PROBLEM TO WORK ON: Print every entry below exactly, leaving out the pictures.

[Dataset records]

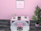 This set has a desk, chair, wall art, laptop, lamp, pen holder, & a plant.
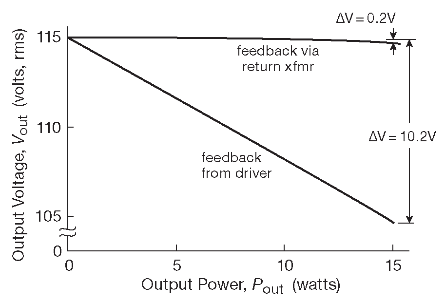 Чтобы получить стабильный выход с малыми искажениями при изменениях нагрузки, нужно брать сигнал обратной связи с выходной линии 115 V . При этом очень желательно сохранить полную гальваническую изоляцию управляющей схемы. Требование выполняется с помощью второго трансформатора \( T_2\) , который создаёт копию выходного напряжения. Сигнал с \( T_2\) возвращается через резистор обратной связи \(R_3\) на ОУ, обеспечивая нужное усиление \( G\)=6 . На больших частотах трансформаторы вносят очень большой сдвиг фаз, поэтому схема построена так, чтобы на частотах выше ∼3 kHz обратная связь шла через \( C_1 \) с первичной обмотки силового трансформатора. Но, даже когда высокочастотная обратная связь берётся с выхода эмиттерного повторителя, остаётся сдвиг фаз, вызванный реактивным характером нагрузки ( первичная обмотка трансформатора, мотор и т.п. ). Для обеспечения устойчивости с реактивной нагрузкой на линии 115 V операционный усилитель требует перекомпенсации с помощью небольшого конденсатора, благо в LT1097 имеется вывод, позволяющий это сделать. Потеря рабочей полосы в результате этих манипуляций не важна, т.к. устройство изначально низкочастотное.
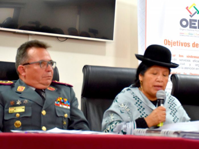En conferencia de prensa conjunta con los vocales del Tribunal Supremo Electoral (TSE), el comandante de las Fuerzas Armadas, Williams Kaliman Romero, informó que ambas instituciones firmaron el acuerdo “Plan de operaciones, Elecciones 2019” a través del cual los militares brindarán seguridad a toda la jornada electoral, desde la custodia de imprentas de material, el almacenamiento de papeletas, hasta el traslado de los sobres de seguridad en los cuales estarán las actas que certifican el conteo de votos de las mesas de sufragio.
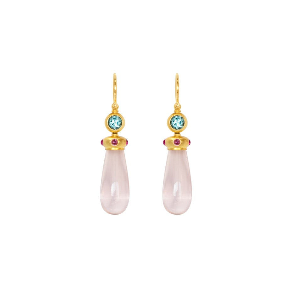 Die zarten Ohrbügel setzen die Einhänger mit den türkis leuchtenden Starliten und
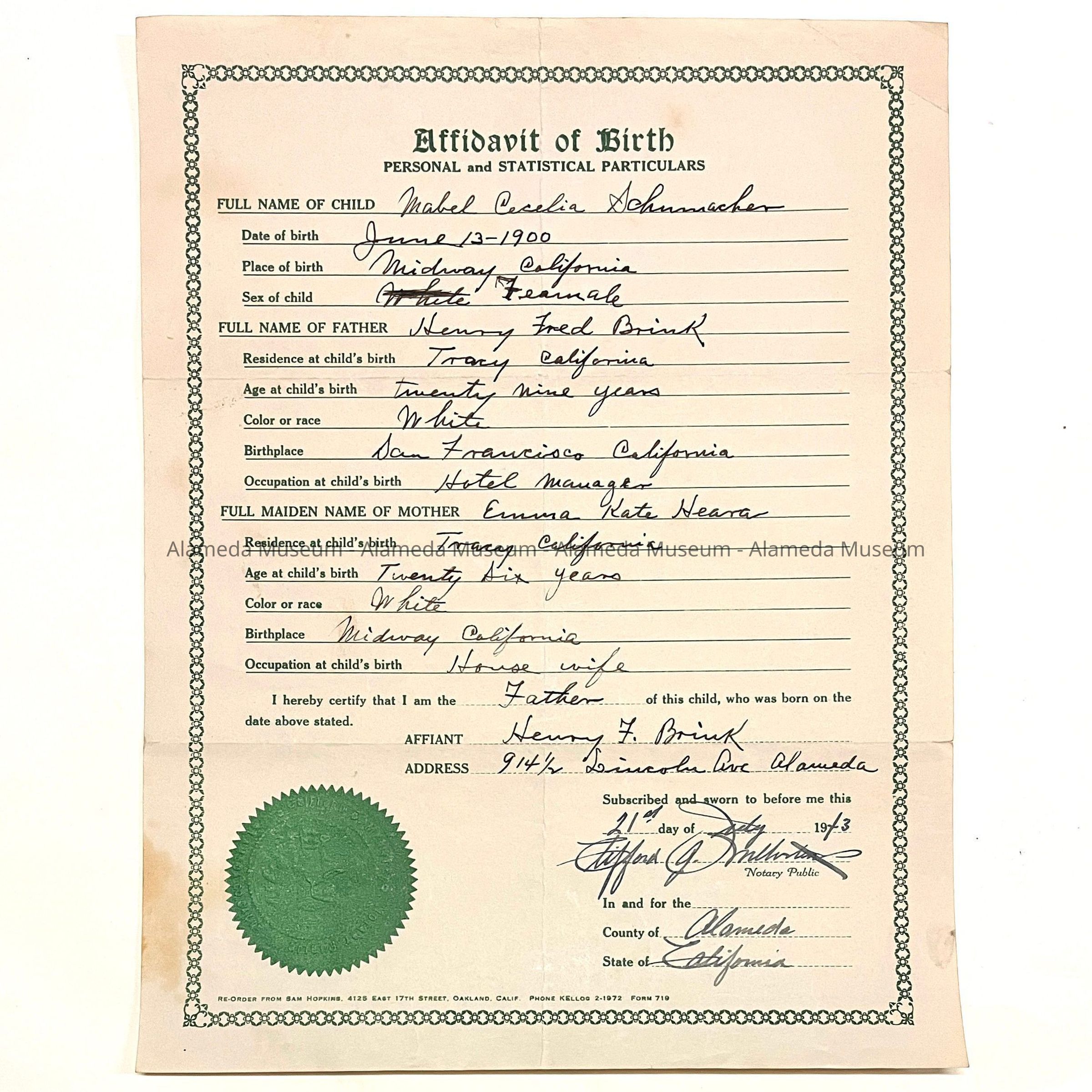 Affidavit of birth for Mabel Cecelia Brink Schumacher. born June 13, 1900. Mabel was the daughter of Henry F. & Emma Kato Brink, old-time residents of Alameda. Mr. Brink was said to have been a proprietor of a saloon on Park Street, near the Lincoln Avenue railroad depot.
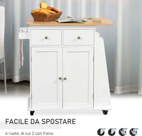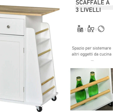 Carrello da Cucina Portaspezie a 3 Livelli e 4 Ruote in MDF e Truciolato, 89x45x89cm, Bianco ER3801-163ER3
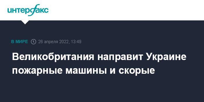 "Премьер Великобритании объявил 26 апреля, что новые машины "скорой помощи", пожарные машины, финансовые средства для экспертов в сфере здравоохранения и медикаменты для оказания экстренной помощи будут пожертвованы Украине в рамках твердой поддержки Великобритании Украины", - говорится в заявлении на сайте правительства страны.
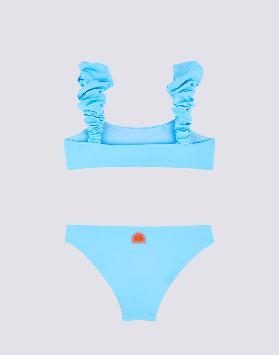 Elegant bikini composed of ruffled top and fixed bottom. For little girls who don't want to go unnoticed.
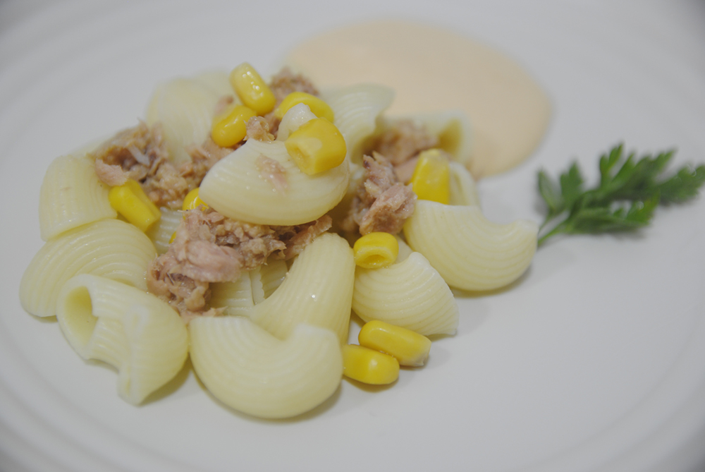 Por último añadimos el atún, el maíz y mezclamos con la salsa rosa.
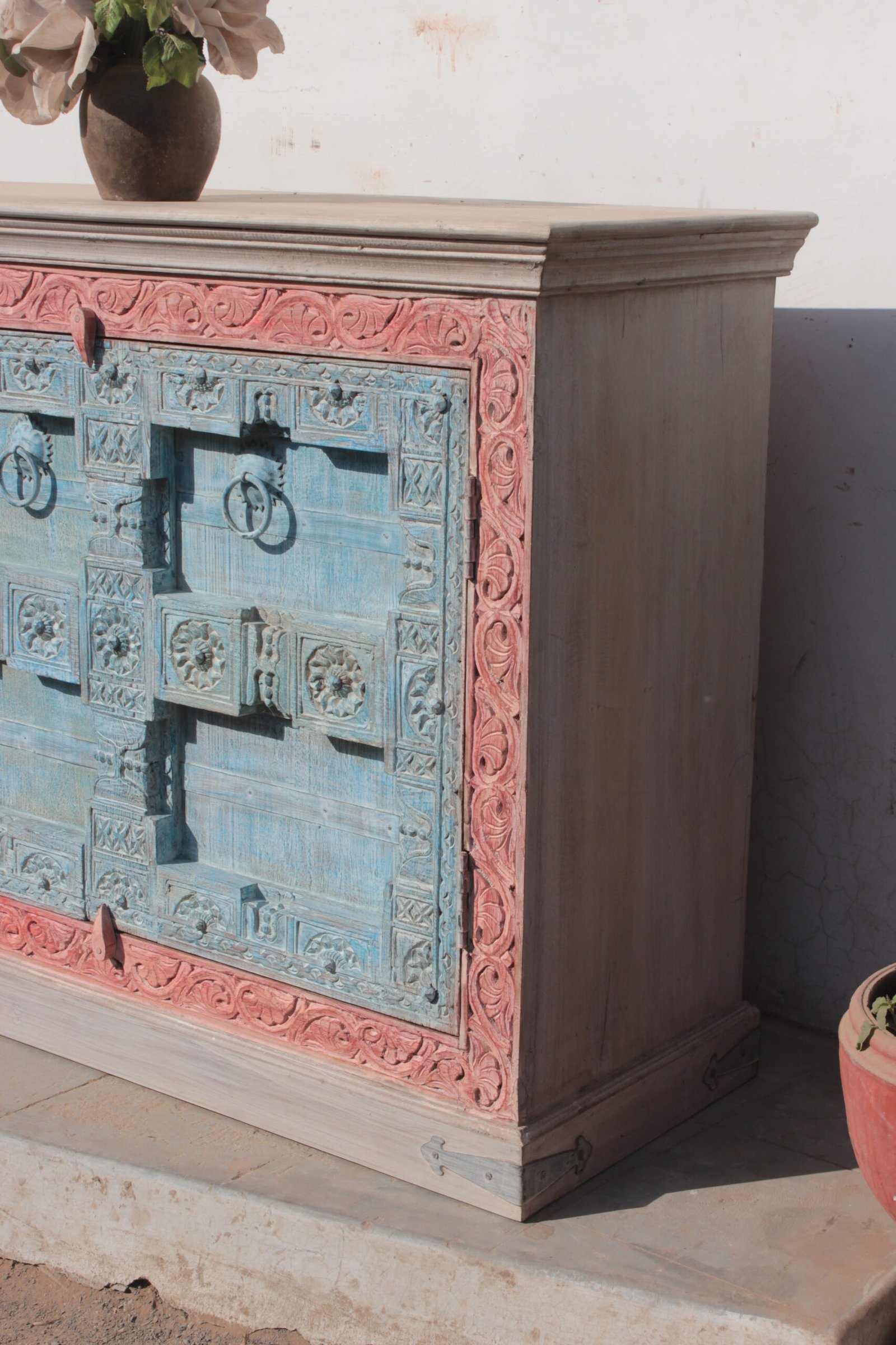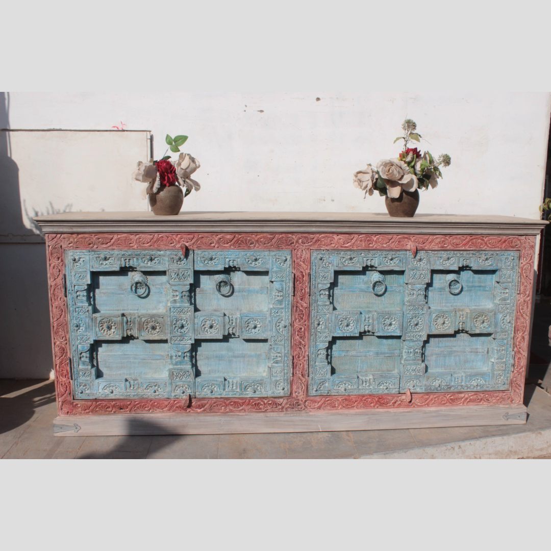 This antique wooden sideboard is a perfect blend of vintage charm and timeless elegance, offering both style and functionality. Expertly crafted from high-quality, solid wood, it features intricate detailing and a beautiful, aged finish that enhances its rich, classic appeal. The sideboard’s design showcases the craftsmanship of a bygone era, with subtle carvings and carefully constructed compartments that provide both visual interest and practicality. Ideal for displaying treasured collectibles, fine china, or other decorative items, this piece brings a warm, rustic atmosphere to any space. Its spacious storage areas also offer a functional solution for everyday use, allowing you to organize your home in a way that complements the vintage aesthetic. Whether used as a buffet in the dining room, a storage cabinet in the living room, or even as an accent piece in a hallway, this antique sideboard exudes sophistication and durability. A true statement piece, it adds character and history to any interior, making it a must-have for collectors of vintage furniture or anyone looking to incorporate a sense of heritage into their home decor.
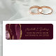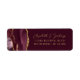 The left-hand edge of this elegant modern wedding invitation return address label features a burgundy watercolor agate border trimmed with faux gold glitter. The customisable text combines gold-coloured handwriting and sans serif fonts on a burgundy red background.
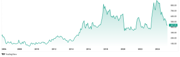The all-time high price of the stock is Rs 844, so the current share price is a 44% discount on its all-time high price.

EXERCISE RESPONSE:
 This set has a desk, chair, wall art, laptop, lamp, pen holder, & a plant.
 Чтобы получить стабильный выход с малыми искажениями при изменениях нагрузки, нужно брать сигнал обратной связи с выходной линии 115 V . При этом очень желательно сохранить полную гальваническую изоляцию управляющей схемы. Требование выполняется с помощью второго трансформатора \( T_2\) , который создаёт копию выходного напряжения. Сигнал с \( T_2\) возвращается через резистор обратной связи \(R_3\) на ОУ, обеспечивая нужное усиление \( G\)=6 . На больших частотах трансформаторы вносят очень большой сдвиг фаз, поэтому схема построена так, чтобы на частотах выше ∼3 kHz обратная связь шла через \( C_1 \) с первичной обмотки силового трансформатора. Но, даже когда высокочастотная обратная связь берётся с выхода эмиттерного повторителя, остаётся сдвиг фаз, вызванный реактивным характером нагрузки ( первичная обмотка трансформатора, мотор и т.п. ). Для обеспечения устойчивости с реактивной нагрузкой на линии 115 V операционный усилитель требует перекомпенсации с помощью небольшого конденсатора, благо в LT1097 имеется вывод, позволяющий это сделать. Потеря рабочей полосы в результате этих манипуляций не важна, т.к. устройство изначально низкочастотное.
En conferencia de prensa conjunta con los vocales del Tribunal Supremo Electoral (TSE), el comandante de las Fuerzas Armadas, Williams Kaliman Romero, informó que ambas instituciones firmaron el acuerdo “Plan de operaciones, Elecciones 2019” a través del cual los militares brindarán seguridad a toda la jornada electoral, desde la custodia de imprentas de material, el almacenamiento de papeletas, hasta el traslado de los sobres de seguridad en los cuales estarán las actas que certifican el conteo de votos de las mesas de sufragio.
 Die zarten Ohrbügel setzen die Einhänger mit den türkis leuchtenden Starliten und
 Affidavit of birth for Mabel Cecelia Brink Schumacher. born June 13, 1900. Mabel was the daughter of Henry F. & Emma Kato Brink, old-time residents of Alameda. Mr. Brink was said to have been a proprietor of a saloon on Park Street, near the Lincoln Avenue railroad depot.
 Carrello da Cucina Portaspezie a 3 Livelli e 4 Ruote in MDF e Truciolato, 89x45x89cm, Bianco ER3801-163ER3
 "Премьер Великобритании объявил 26 апреля, что новые машины "скорой помощи", пожарные машины, финансовые средства для экспертов в сфере здравоохранения и медикаменты для оказания экстренной помощи будут пожертвованы Украине в рамках твердой поддержки Великобритании Украины", - говорится в заявлении на сайте правительства страны.
 Elegant bikini composed of ruffled top and fixed bottom. For little girls who don't want to go unnoticed.
 Por último añadimos el atún, el maíz y mezclamos con la salsa rosa.
 This antique wooden sideboard is a perfect blend of vintage charm and timeless elegance, offering both style and functionality. Expertly crafted from high-quality, solid wood, it features intricate detailing and a beautiful, aged finish that enhances its rich, classic appeal. The sideboard’s design showcases the craftsmanship of a bygone era, with subtle carvings and carefully constructed compartments that provide both visual interest and practicality. Ideal for displaying treasured collectibles, fine china, or other decorative items, this piece brings a warm, rustic atmosphere to any space. Its spacious storage areas also offer a functional solution for everyday use, allowing you to organize your home in a way that complements the vintage aesthetic. Whether used as a buffet in the dining room, a storage cabinet in the living room, or even as an accent piece in a hallway, this antique sideboard exudes sophistication and durability. A true statement piece, it adds character and history to any interior, making it a must-have for collectors of vintage furniture or anyone looking to incorporate a sense of heritage into their home decor.
 The left-hand edge of this elegant modern wedding invitation return address label features a burgundy watercolor agate border trimmed with faux gold glitter. The customisable text combines gold-coloured handwriting and sans serif fonts on a burgundy red background.
The all-time high price of the stock is Rs 844, so the current share price is a 44% discount on its all-time high price.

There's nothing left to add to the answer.